Losing to the 2-6 Pittsburgh Steelers was one thing, looking inept offensively in a 23-10 game that was much more a blowout than the score indicates was another. But Manuel’s dud (22 of 39, 155 yards, 1 TD, 1 INT) was enough to waste any goodwill built up by Bills fans after watching four weeks of Thad Lewis and Jeff Tuel.
Manuel had missed Buffalo’s previous four games after spraining his knee in a loss to Cleveland on Oct. 3. Lewis and Tuel — and the team as a whole, really — looked better than expected and remained competitive during what was probably the toughest stretch of Buffalo’s schedule.
Still, the team went 1-3 without Manuel, and neither backup played well enough with any consistency to stir up any sort of QB controversy. If nothing else, the two made enough boneheaded plays (like game-changing pick-sixes) that Manuel became Bills’ fans savior. If the team could hang with playoff-bound squads like the Cincinnati Bengals, New Orleans Saints and Kansas City Chiefs with undrafted nobodies in Lewis and Tuel, what could it do with its first-round starter?
Nothing, apparently.

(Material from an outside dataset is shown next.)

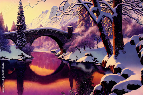 Romantic winter landscape with mountains, forest and bridge over a river in beautiful light (Generative AI)
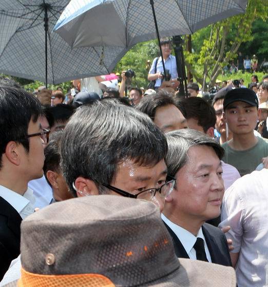 결국 국민의당 지도부는 추도식 후 경호를 받으며 쫓기듯 현장을 떠나야 했다. 경호원들은 우산을 준비해 혹시나 모르는 물세례에 대비하는 모습을 보였다.

The Steelers played a great defensive game Sunday, bucking tradition by dropping into coverage rather than blitzing Manuel, which has been defensive coordinator Dick LeBeau’s calling card for most of his 40-year coaching career. LeBeau took away Buffalo’s running game, bet that Manuel and Buffalo’s receivers couldn’t beat him, and won.
It’s not all Manuel’s fault. Playing without rookie Robert Woods hurt, leaving Stevie Johnson as the lone receiving threat that could consistently win one-on-one matchups. Then Johnson got hurt, leaving a group of underwhelming receivers that relied on play designs and route combinations to get open.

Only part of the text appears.